New shortened dictionary leaves readers empty-handed
By Nicki Crisci
Opinion Editor
Editors at Oxford recently decided to make some drastic changes to the Oxford English Dictionary; they opted to give the boot to more than 16,000 hyphens in the new sixth edition, leaving people hard-pressed to find out why this change occurred—or in fact, just hard pressed.
Most of the hyphens that were dropped were from compound nouns such as water-bed and ice-cream. Other words, such as bumble-bee and cry-baby, are being crunched together to form just one word.
In an article from the Oct. 7 issue of The New York Times, the Oxford editor Angus Stevenson said, “People are not confident about using hyphens anymore. They’re not really sure what they’re for.”
Just because people don’t know what hyphens are for does not mean they can’t learn how to use them. The most basic way to find out how to correctly use hyphens is to look them up in the dictionary in the first place.
Now that the dictionary is changing all these hyphens that might be considered silly or outdated, the desire to look up such words may decline for the less-than-ambitious students across the country.
Hey, if you didn’t know that there was a hyphen in bumble-bee, why bother to know now, right? No. This change is like obesity for the mind. By eliminating hyphens, we are in gradually succumbing to ignorance and lessening our chances of learning new things.
Hyphens are far from being obtrusive and silly.
Hyphenated words sprinkle the stories of great authors quite beautifully. Who could forget such mind-blowing images as Homer’s “rosy-fingered dawn” or Shakespeare’s “green-eyed jealousy.”
They add to writings a special element that would otherwise be absent without such a distinction in descriptive nouns.

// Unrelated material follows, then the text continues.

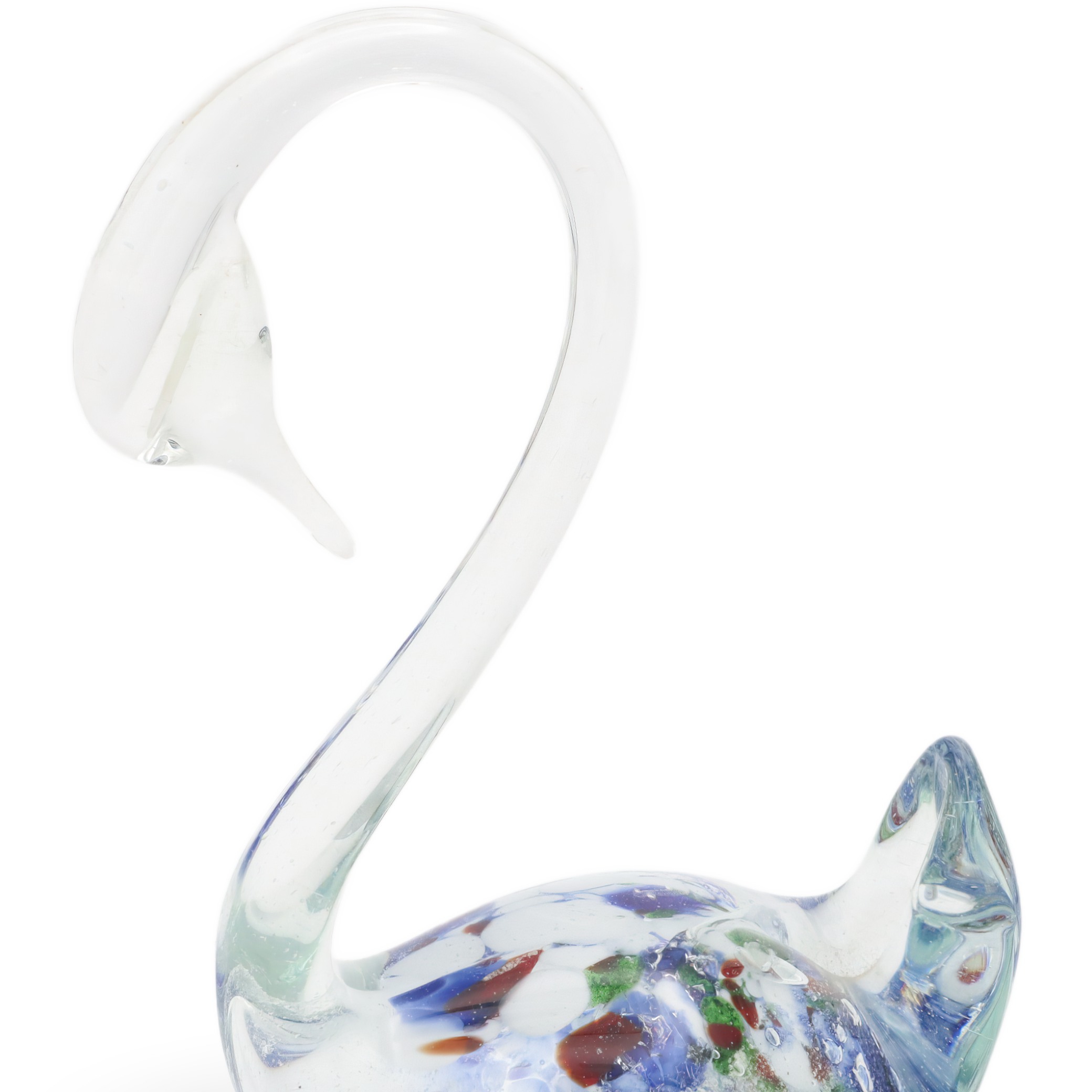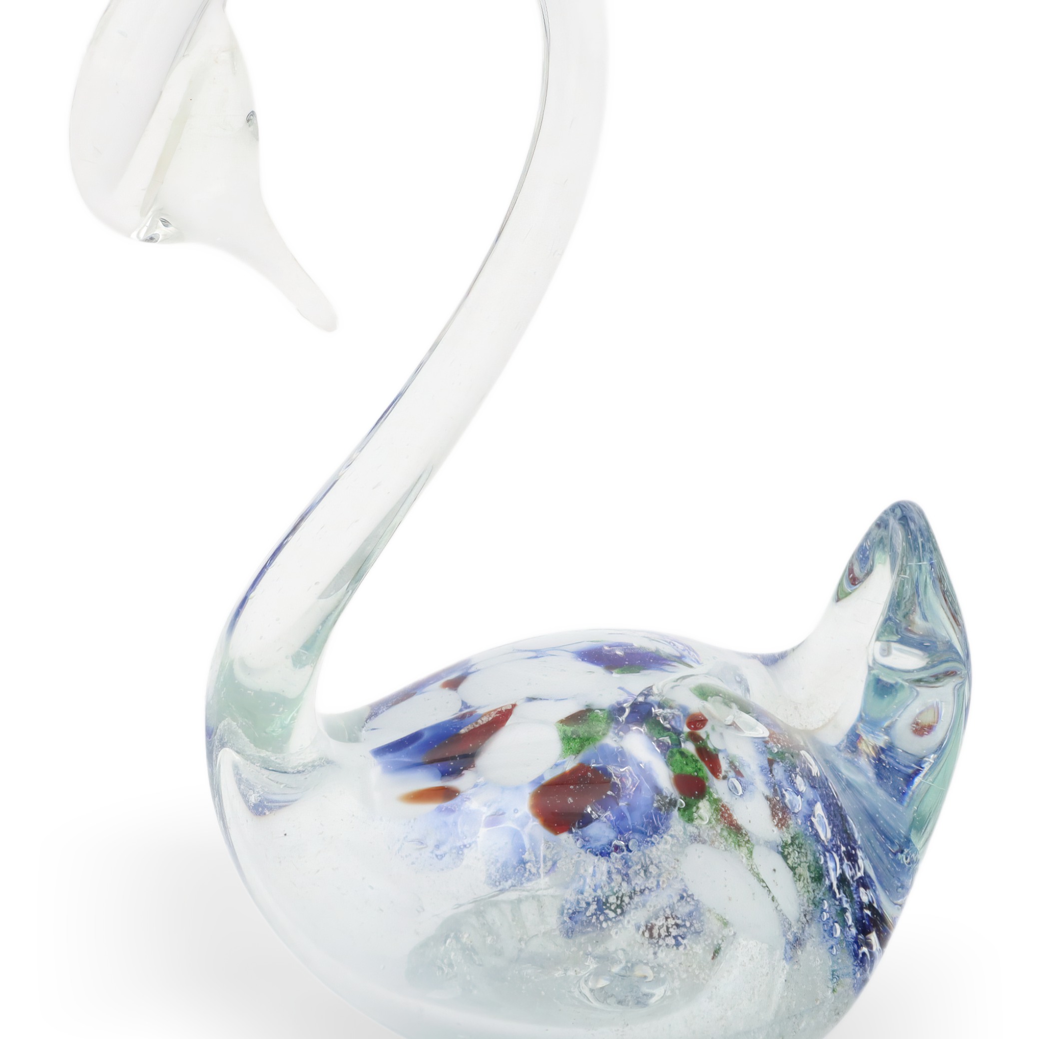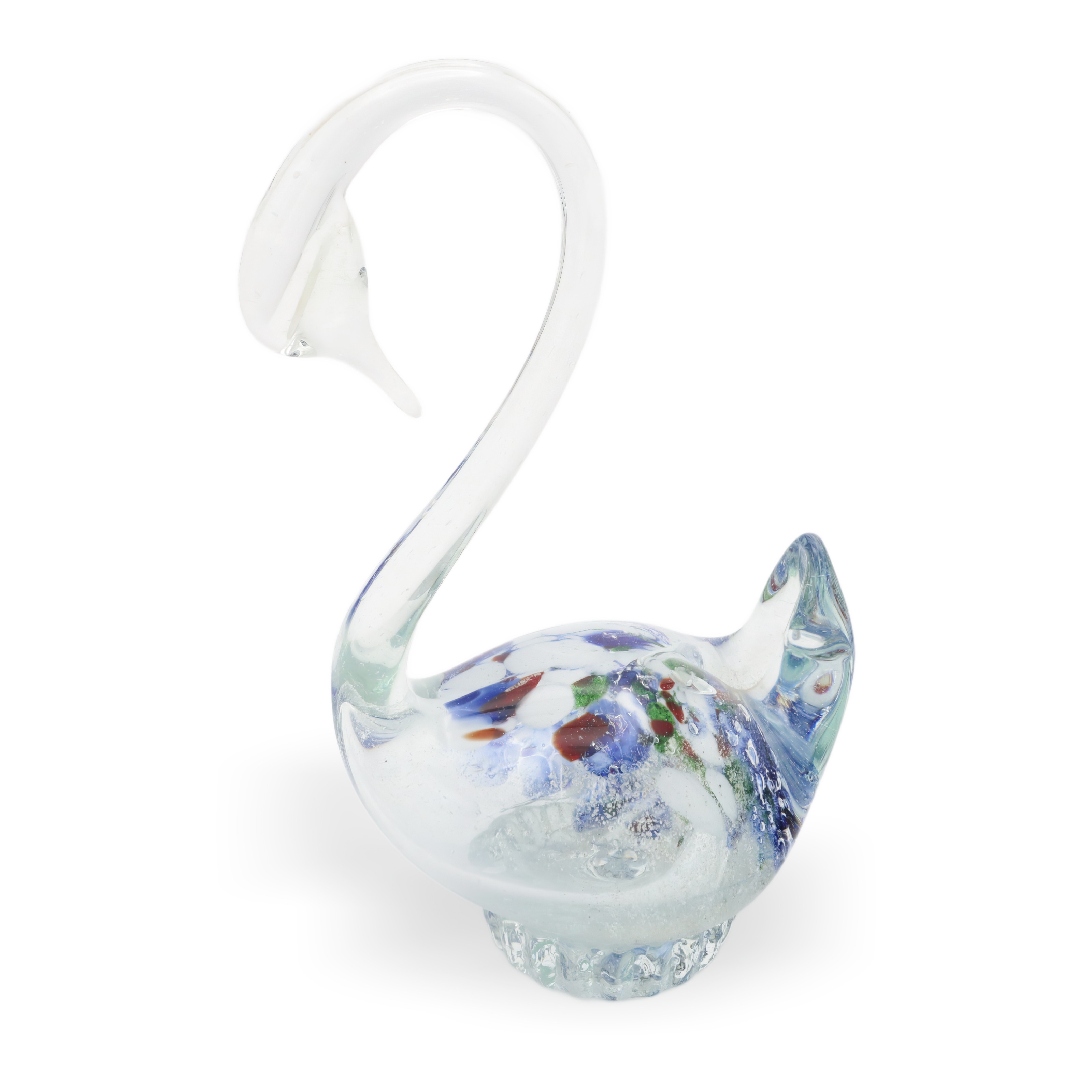 Murano glass has a rich history that dates back centuries, originating from the small cluster of islands near Venice, Italy. Each piece, like this swan figurine, is handcrafted by skilled artisans who use traditional methods passed down through generations. The uniqueness of Murano glass lies in its vibrant colors and delicate designs, making each item a one-of-a-kind collectible. During the mid-20th century, such pieces gained popularity as elegant modern accents, appealing to those who appreciate artistry and craftsmanship. Today, items from this era, particularly in excellent condition like this swan, are considered rare and valuable to collectors and those who admire vintage decor. Murano glass continues to be renowned worldwide, symbolizing a blend of creativity, tradition, and enduring appeal.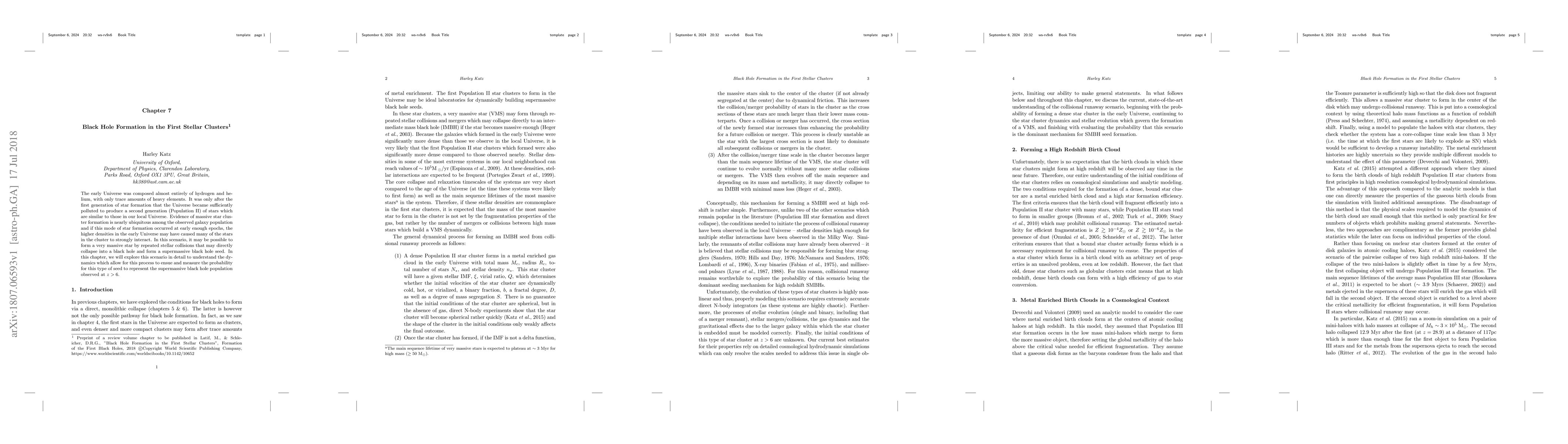The early Universe was composed almost entirely of hydrogen and helium, with only trace amounts of heavy elements. It was only after the first generation of star formation that the Universe became sufficiently polluted to produce a second generation (Population II) of stars which are similar to those in our local Universe. Evidence of massive star cluster formation is nearly ubiquitous among the observed galaxy population and if this mode of star formation occurred at early enough epochs, the higher densities in the early Universe may have caused many of the stars in the cluster to strongly interact. In this scenario, it may be possible to form a very massive star by repeated stellar collisions that may directly collapse into a black hole and form a supermassive black hole seed. In this chapter, we will explore this scenario in detail to understand the dynamics which allow for this process to ensue and measure the probability for this type of seed to represent the supermassive black hole population observed at z > 6.

It is simply mind-boggling to believe that the editors of the dictionary would decide to delete so many hyphens from our language when they have served such a good purpose over time.
This leads to many questions on my part.
Will Microsoft Word come out with a new update for its system involving the extinction of hyphens? Will English professors across the country have new grammar problems to tackle? Or will people just become lazier, knowing that there are words now that they can fail to punctuate correctly?
We must still have some stability to hold onto while every aspect of life is modernized. What kind of a society will we become when we no longer have variety in our paragraphs? The hyphen-less writings will be as monotonous as the computer screens from which we now read e-books any day of the week.
This change also leaves one to wonder what they will decide to get rid of next.
Will colons and semicolons be eliminated because no one is quite “sure what they’re for,” because people weren’t taught how to use them the right way?
Oxford may have the influence of their authority, but I for one will be a cry-baby mourning the loss of 16,000 hyphens and give them a home in my articles and other writings.